Update (April 13, 2016): Today Peabody Energy filed for Chapter 11 bankruptcy. For more on this development, my colleague Jeff Deyette lays out the details of the company’s remarkable collapse and its broader implications for transitioning to a clean energy economy.
According to its regulatory filings, Peabody Energy, the world’s largest investor-owned coal company, is on the verge of bankruptcy. This development would be the latest in a string of coal company bankruptcies, following those of Arch Coal and Alpha Natural Resources.
Bankruptcy would not necessarily mean the end of Peabody Energy, though analysts believe the company must become substantially smaller to survive. A company filing for protection under Chapter 11 usually proposes a plan for reorganization to keep its business alive and pay creditors over time. Peabody would need to address many responsibilities in that process, including to its workers, pensioners, and the communities around its mines.
In my role at UCS, I get to imagine what it would look like for Peabody Energy to take responsibility for its role in climate change and climate science denial. To take you on this voyage, I must first admit that I am old enough to remember the schlocky 1970s TV series “Fantasy Island” that opened with Tattoo (played by Hervé Villechaize) pointing at the sky and shouting, “The Plane, The Plane.” As the week’s guests disembarked from a seaplane, white-suited Mr. Roarke (Ricardo Montalban) graciously intoned, “Smiles, everyone, smiles. Welcome to Fantasy Island.”
Suppose the board and top management of Peabody Energy were to chart a fantastical new course for their company to emerge from bankruptcy. In a carbon-constrained world, what would a reorganized Peabody Energy look like?
Here are three recommendations for the company to contemplate:
1. Fully disclose the financial risks of climate change to its business
Peabody has been inconsistent in its statements on climate change-related risks, and that inconsistency has gotten the company into trouble.

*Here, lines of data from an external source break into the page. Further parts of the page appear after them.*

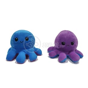 Polvo Reversível Bipolar de Pelúcia Humor Feliz e Bravo 2 em 1 TikTok Fofinho Macio - Azul e Roxo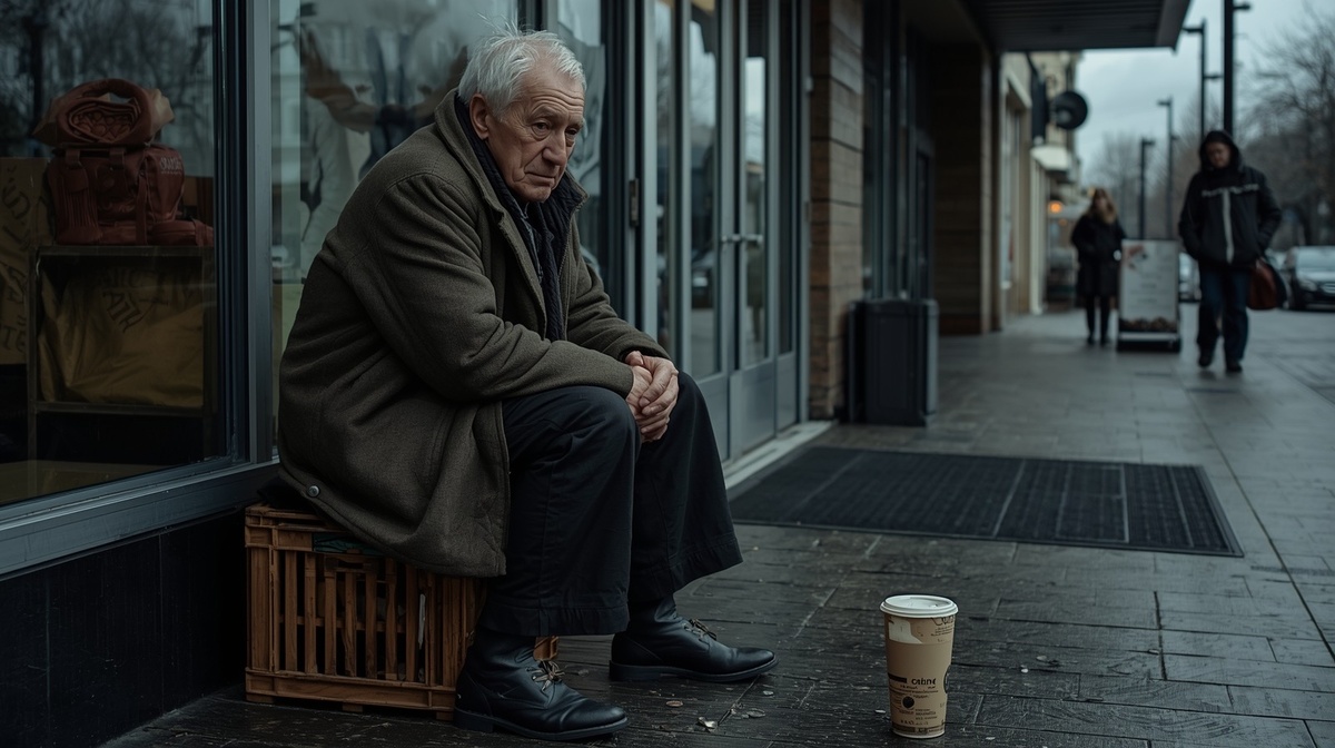 Он сидел у входа в торговый центр с самого утра — на перевёрнутом ящике из-под овощей, которые привозят по ночам в соседний продуктовый. Ящик был твёрдый, неудобный, углы давили сквозь тонкое пальто. Но другого не было, и он давно привык не замечать таких вещей.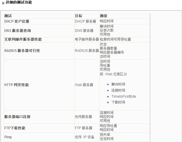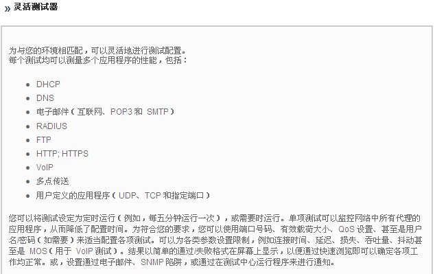 使用應用(yong)程序庫測量(liàng) 實際的應用(yòng)程序性能,包(bāo)括 HTTP、FTP、DNS、電子郵件(jian)、VoIP、ping 或使用靈活(huo)設置定義您(nin)的應用程序(xù)性能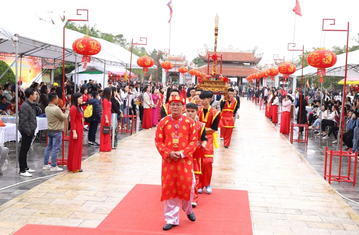 Màn rước bút trang nghiêm từ Văn Miếu Xuân La (xã Thanh Sơn, huyện Kiến Thụy, Hải Phòng) mở đầu chương trình Lễ hội khai bút đầu Xuân Giáp Thìn 2024 tại Khu tưởng niệm Vương triều Mạc. Tiếp đó là nghi thức an vị bút, tấu trình chúc văn khai bút và đánh trống khai hội.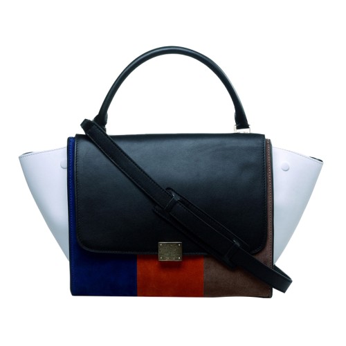 Celine Trapeze schoudertas van meerkleurig kalfsleer in de kleuren zwart/blauw/oranje/beige/wit.

In an announcement this week of a new coalition of top state law enforcement officials working together on climate change, New York state Attorney General Eric Schneiderman highlighted his office’s multi-year investigation into Peabody Energy’s financial disclosures.
A 2015 settlement found that the company violated state laws prohibiting false and misleading statements to the public and investors regarding climate-related financial risks and potential regulatory responses. As part of the settlement, Peabody Energy agreed to revise its shareholder disclosures with the Securities and Exchange Commission.
To regain the trust of investors, Peabody will need to disclose the substantial climate-related risks associated with its business in a frank, open, and comprehensive manner. As Maryland Attorney General Brian Frosh said at this week’s meeting of state attorneys general, “What we want from ExxonMobil, and Peabody, and ALEC [the American Legislative Exchange Council] is very simple. We want them to tell the truth.”
2. Stop spreading and funding disinformation on climate science and policy
Instead of telling the truth about the realities of its product and the risks of climate change, Peabody has a long and ongoing record of deception on climate change that dates back to the early 1990s and includes steadfast opposition to regulation of heat-trapping carbon pollution by the Environmental Protection Agency (EPA).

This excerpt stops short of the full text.